Exercise objective » Your answer should be only the lines below from the one with "This 8-foot chocolate" to the one with "否認要素 ・保護要請側の開発度(開発×-0.1) ・保護要請側の態度が中立(-20) ・国境距離", repeated exactly, ends included.

[Data extracted from a collection]
BEGIN

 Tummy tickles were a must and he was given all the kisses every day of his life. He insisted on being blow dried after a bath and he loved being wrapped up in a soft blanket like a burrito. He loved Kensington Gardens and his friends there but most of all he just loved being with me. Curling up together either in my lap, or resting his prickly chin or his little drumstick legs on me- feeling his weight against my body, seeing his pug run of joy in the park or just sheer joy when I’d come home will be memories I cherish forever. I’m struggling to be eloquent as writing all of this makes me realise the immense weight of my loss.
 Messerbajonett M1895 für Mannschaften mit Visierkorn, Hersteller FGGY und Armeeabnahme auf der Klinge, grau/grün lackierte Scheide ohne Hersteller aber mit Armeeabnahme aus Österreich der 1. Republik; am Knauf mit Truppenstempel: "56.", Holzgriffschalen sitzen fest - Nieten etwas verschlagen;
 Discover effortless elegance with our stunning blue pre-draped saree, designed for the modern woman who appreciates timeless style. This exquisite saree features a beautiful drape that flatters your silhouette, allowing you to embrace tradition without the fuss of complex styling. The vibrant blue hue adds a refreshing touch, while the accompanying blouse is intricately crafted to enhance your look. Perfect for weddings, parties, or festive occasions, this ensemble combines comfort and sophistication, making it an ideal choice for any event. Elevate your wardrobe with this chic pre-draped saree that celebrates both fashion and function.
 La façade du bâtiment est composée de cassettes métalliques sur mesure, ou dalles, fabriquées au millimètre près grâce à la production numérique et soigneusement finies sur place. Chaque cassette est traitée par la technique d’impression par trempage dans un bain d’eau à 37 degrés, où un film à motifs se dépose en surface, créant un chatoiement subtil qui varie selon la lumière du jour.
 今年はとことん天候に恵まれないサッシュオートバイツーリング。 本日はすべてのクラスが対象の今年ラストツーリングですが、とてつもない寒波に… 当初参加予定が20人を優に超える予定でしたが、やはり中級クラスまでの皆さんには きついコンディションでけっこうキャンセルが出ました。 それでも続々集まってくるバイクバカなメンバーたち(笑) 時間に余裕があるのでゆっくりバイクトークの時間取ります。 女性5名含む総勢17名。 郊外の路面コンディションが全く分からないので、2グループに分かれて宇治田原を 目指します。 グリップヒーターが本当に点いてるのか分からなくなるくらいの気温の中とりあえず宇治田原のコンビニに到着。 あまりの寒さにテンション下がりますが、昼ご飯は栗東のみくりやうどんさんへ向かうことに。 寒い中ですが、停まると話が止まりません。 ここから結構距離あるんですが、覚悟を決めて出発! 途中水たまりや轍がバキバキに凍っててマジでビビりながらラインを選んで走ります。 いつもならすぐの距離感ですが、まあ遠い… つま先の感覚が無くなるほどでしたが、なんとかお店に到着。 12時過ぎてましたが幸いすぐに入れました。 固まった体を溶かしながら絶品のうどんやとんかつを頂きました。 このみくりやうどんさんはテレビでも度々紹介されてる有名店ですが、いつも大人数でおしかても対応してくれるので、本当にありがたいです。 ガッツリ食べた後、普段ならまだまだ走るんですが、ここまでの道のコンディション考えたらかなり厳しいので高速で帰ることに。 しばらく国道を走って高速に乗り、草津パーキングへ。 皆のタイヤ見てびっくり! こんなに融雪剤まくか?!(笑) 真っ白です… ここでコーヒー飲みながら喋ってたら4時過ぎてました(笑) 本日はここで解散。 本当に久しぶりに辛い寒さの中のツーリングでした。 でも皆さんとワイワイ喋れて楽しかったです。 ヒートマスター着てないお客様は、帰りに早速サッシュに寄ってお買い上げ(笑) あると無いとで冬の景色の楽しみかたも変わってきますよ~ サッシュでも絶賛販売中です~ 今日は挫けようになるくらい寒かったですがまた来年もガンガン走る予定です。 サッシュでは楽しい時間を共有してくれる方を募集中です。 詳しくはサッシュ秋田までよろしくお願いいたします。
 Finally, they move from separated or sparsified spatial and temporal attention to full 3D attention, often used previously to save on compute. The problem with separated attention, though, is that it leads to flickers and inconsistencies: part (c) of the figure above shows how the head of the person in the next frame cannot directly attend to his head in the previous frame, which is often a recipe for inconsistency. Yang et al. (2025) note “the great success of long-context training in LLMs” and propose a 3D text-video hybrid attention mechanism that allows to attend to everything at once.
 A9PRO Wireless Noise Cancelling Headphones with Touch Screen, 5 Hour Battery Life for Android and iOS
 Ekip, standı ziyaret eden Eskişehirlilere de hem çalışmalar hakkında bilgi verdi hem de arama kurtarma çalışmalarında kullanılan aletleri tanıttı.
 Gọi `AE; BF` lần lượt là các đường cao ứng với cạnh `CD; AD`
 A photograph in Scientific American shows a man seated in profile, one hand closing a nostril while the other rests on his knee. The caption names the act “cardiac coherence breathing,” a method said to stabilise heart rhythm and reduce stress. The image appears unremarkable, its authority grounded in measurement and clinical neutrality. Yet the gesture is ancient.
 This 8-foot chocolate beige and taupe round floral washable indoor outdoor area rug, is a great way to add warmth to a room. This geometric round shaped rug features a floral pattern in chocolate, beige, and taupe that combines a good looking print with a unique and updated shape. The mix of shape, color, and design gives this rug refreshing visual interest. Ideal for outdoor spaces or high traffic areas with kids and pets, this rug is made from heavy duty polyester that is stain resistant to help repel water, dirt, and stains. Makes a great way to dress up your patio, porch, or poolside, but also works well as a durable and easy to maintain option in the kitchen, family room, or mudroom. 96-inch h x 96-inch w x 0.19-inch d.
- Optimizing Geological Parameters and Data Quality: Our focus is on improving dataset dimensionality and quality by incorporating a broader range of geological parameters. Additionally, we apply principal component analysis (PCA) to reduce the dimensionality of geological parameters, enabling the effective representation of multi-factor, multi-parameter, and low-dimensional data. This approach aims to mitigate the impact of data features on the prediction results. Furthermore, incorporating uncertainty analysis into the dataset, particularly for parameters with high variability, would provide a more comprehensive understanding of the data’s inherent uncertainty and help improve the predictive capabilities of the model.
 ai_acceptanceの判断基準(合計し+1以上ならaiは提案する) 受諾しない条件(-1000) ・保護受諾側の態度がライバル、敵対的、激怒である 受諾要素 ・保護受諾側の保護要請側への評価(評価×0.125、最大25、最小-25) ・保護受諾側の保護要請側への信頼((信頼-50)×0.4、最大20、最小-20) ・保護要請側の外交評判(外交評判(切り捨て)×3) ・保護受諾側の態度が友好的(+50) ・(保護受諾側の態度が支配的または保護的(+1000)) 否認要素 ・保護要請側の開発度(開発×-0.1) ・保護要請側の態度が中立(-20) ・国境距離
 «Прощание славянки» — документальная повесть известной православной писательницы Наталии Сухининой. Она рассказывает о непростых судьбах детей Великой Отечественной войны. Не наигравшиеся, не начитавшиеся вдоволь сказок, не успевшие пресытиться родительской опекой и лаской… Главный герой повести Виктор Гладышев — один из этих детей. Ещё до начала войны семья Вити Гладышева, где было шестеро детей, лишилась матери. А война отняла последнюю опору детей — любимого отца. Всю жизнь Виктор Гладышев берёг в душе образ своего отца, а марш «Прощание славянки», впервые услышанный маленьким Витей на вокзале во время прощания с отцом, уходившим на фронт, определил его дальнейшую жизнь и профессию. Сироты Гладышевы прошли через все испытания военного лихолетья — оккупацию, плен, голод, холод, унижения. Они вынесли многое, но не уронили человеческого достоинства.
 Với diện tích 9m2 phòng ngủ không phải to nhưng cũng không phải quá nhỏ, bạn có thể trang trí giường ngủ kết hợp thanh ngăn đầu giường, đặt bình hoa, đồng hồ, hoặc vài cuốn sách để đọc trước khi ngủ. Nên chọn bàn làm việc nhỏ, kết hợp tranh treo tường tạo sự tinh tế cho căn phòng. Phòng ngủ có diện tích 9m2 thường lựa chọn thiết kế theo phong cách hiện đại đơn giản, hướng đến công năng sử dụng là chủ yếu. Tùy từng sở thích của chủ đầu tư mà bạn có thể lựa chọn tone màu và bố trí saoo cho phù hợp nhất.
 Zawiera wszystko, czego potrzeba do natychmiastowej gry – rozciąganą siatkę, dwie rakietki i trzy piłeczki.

END

The completed task »
 This 8-foot chocolate beige and taupe round floral washable indoor outdoor area rug, is a great way to add warmth to a room. This geometric round shaped rug features a floral pattern in chocolate, beige, and taupe that combines a good looking print with a unique and updated shape. The mix of shape, color, and design gives this rug refreshing visual interest. Ideal for outdoor spaces or high traffic areas with kids and pets, this rug is made from heavy duty polyester that is stain resistant to help repel water, dirt, and stains. Makes a great way to dress up your patio, porch, or poolside, but also works well as a durable and easy to maintain option in the kitchen, family room, or mudroom. 96-inch h x 96-inch w x 0.19-inch d.
- Optimizing Geological Parameters and Data Quality: Our focus is on improving dataset dimensionality and quality by incorporating a broader range of geological parameters. Additionally, we apply principal component analysis (PCA) to reduce the dimensionality of geological parameters, enabling the effective representation of multi-factor, multi-parameter, and low-dimensional data. This approach aims to mitigate the impact of data features on the prediction results. Furthermore, incorporating uncertainty analysis into the dataset, particularly for parameters with high variability, would provide a more comprehensive understanding of the data’s inherent uncertainty and help improve the predictive capabilities of the model.
 ai_acceptanceの判断基準(合計し+1以上ならaiは提案する) 受諾しない条件(-1000) ・保護受諾側の態度がライバル、敵対的、激怒である 受諾要素 ・保護受諾側の保護要請側への評価(評価×0.125、最大25、最小-25) ・保護受諾側の保護要請側への信頼((信頼-50)×0.4、最大20、最小-20) ・保護要請側の外交評判(外交評判(切り捨て)×3) ・保護受諾側の態度が友好的(+50) ・(保護受諾側の態度が支配的または保護的(+1000)) 否認要素 ・保護要請側の開発度(開発×-0.1) ・保護要請側の態度が中立(-20) ・国境距離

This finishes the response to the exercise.